Document retention can be a tricky area to navigate. On the one hand, storage costs money. On the other hand, fines can cost a lot more money.
On the flip side of this, however, you can be fined for keeping documents for too long (if they contain sensitive data).
Added to all of this is the fact that there are relatively few hard-and-fast rules on the matter. It’s more common for there to be guidelines, which you need to interpret. Here is some guidance on how to do so.
Start by working out what documents contain sensitive data
Any document which contains sensitive data is under GDPR (and likely to stay so even after the UK fully leaves the EU). This means that the sensitive data at least must be kept for only as long as is necessary.
After that, the sensitive data must be deleted. You can keep the rest of the document if you need or want to, but if you do it has to have the sensitive data redacted.
Then work out what documents need to be retained for legal reasons
Laws change and do so over time, so you need to make a practice of keeping up-to-date with what is required.
As a rule of thumb, there is probably going to be an obligation to retain anything which could reasonably be of interest to HMRC, Companies House or the law in general.
For example, if you operate internationally, you may need to keep documentation, which shows that your interactions with government officials met appropriate standards.
Identify documents which must be kept in physical form
At present, you are only likely to need to keep physical copies of opening balance sheets and financial statements (including notes), and for certain customs documents.
Even if you create these electronically, they still need to be printed out and signed. That said, it may also be wise to take a scan of the signed copy of these documents.
This is not what you are supposed to have, but it may be accepted if you can demonstrate that the originals became unavailable due to factors beyond your control (e.g. fire or flood).
Decide how you are going to keep documents which can be stored electronically
These days, most documents can be kept electronically and this is one area in which the fact that you can probably does mean that you should, or, at the very least, you should keep electronic copies in addition to paper copies.
When looking at this option, the first point to bear in mind is that all scans must be legible to be acceptable.

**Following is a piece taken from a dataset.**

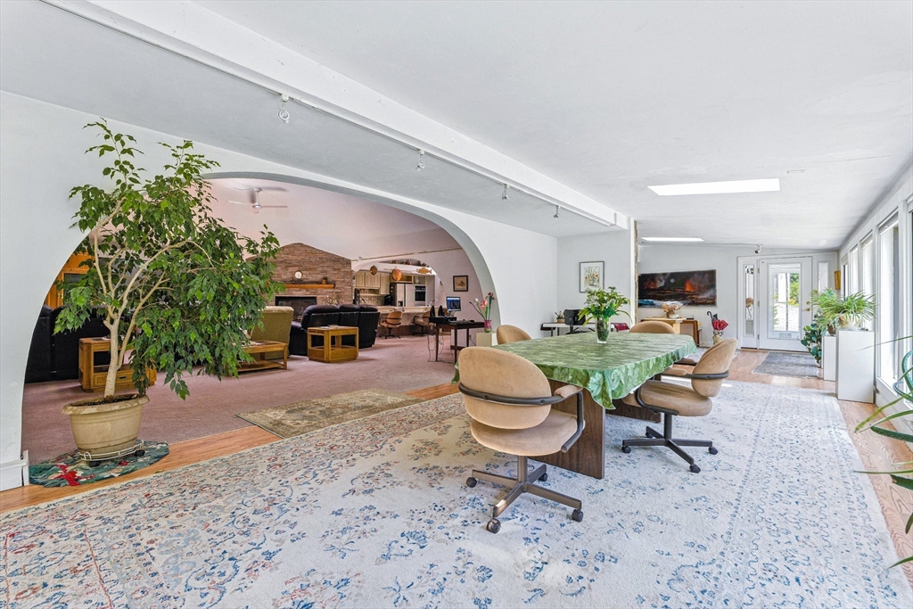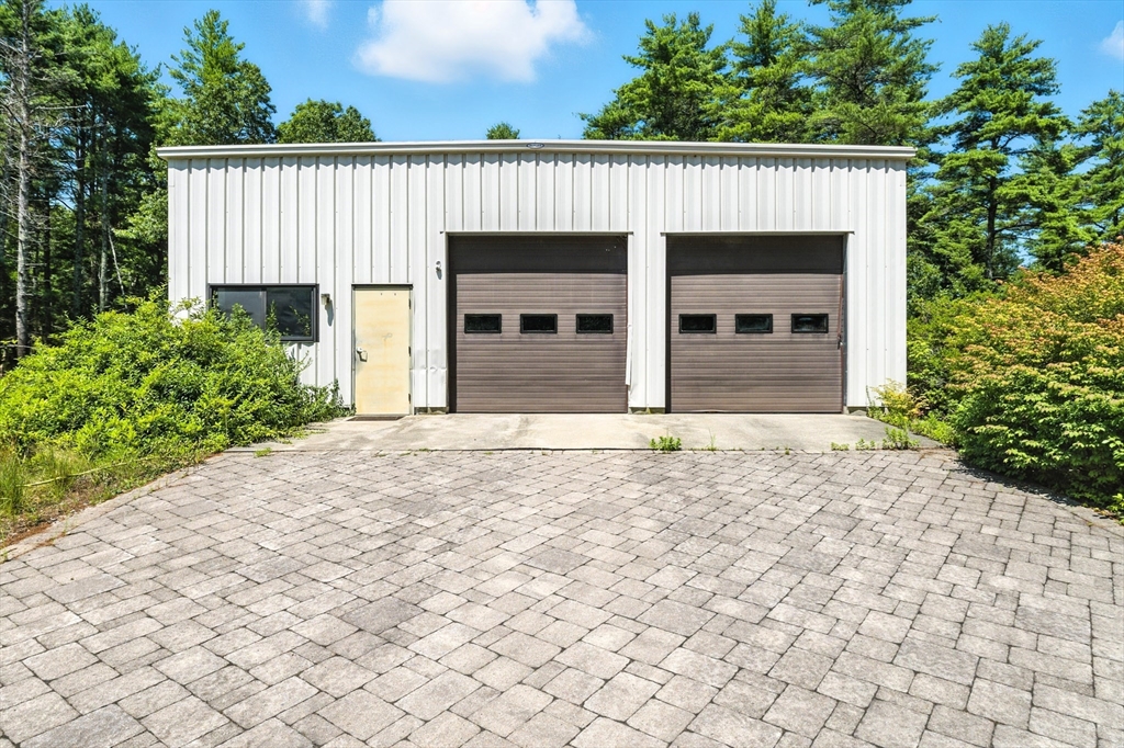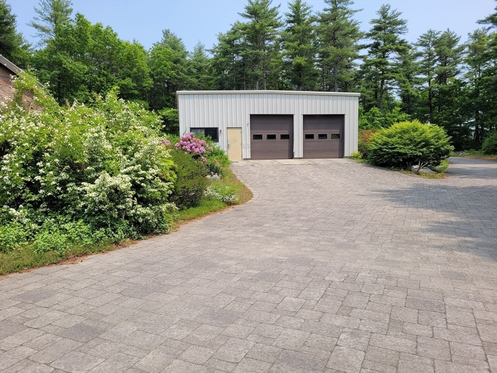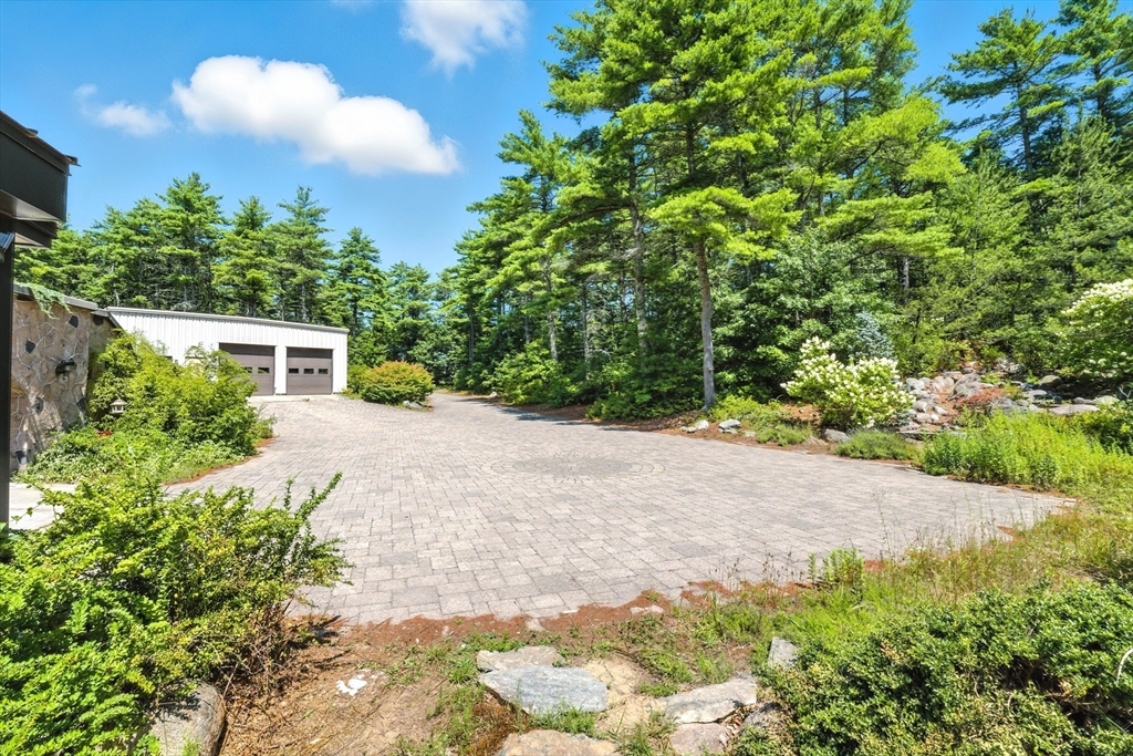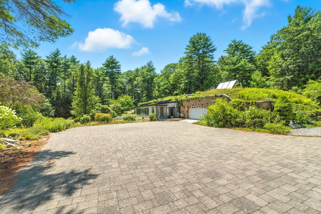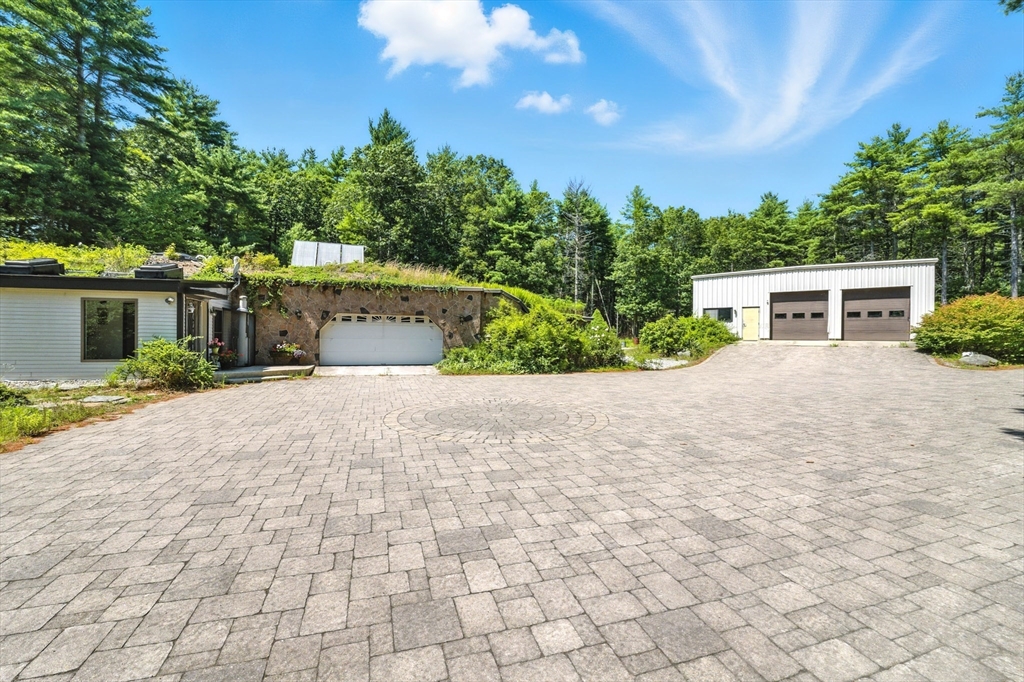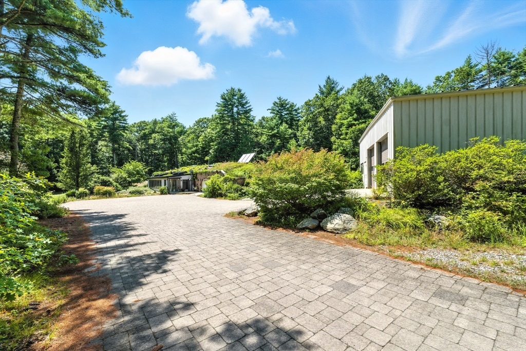 This remarkable Plympton home sits on a 6.63 wooded retreat lot & offers one-level living at its finest. The concrete construction makes this home virtually fireproof, indestructible & low maintenance. The open floor plan is unlike any other boasting a huge great room, kitchen/dining area & sunroom. You’ll also find 2 bedrooms, 2 baths, an office, laundry, craft/bonus room, & walk-in pantry. The main bedroom suite has dual sinks, jacuzzi style tub & walk-in closet. Skylights & 12’ vaulted ceilings add natural lighting & openness throughout. In addition to the 2-car garage, there’s a 2000 sq ft insulated shop with heat, power, water, 2 bays, 2 offices, storage & endless possibilities! The paved private road leads to a striking paver driveway & waterfall. Other features include a generator connection , solar array & more. Ideal for ADUs. Private, yet located 5 minutes from shopping, banking, eateries & more. Close to Rtes. 3, 44 & the "T" provides easy access to Boston & Cape Cod.

Ideally, therefore, documents should be scanned individually on the highest quality setting and then checked carefully before being archived. This is important because both electronic and digital paperwork will degrade over time and since most paperwork needs to be kept for at least six years, this could become an issue.
That being so, it is advisable to have a process for checking archived documents periodically, say every three years and if necessary printing them out again and rescanning them.
While this may be an expense and inconvenience, it’s probably going to be less of an expense and inconvenience than getting on the wrong side of the law.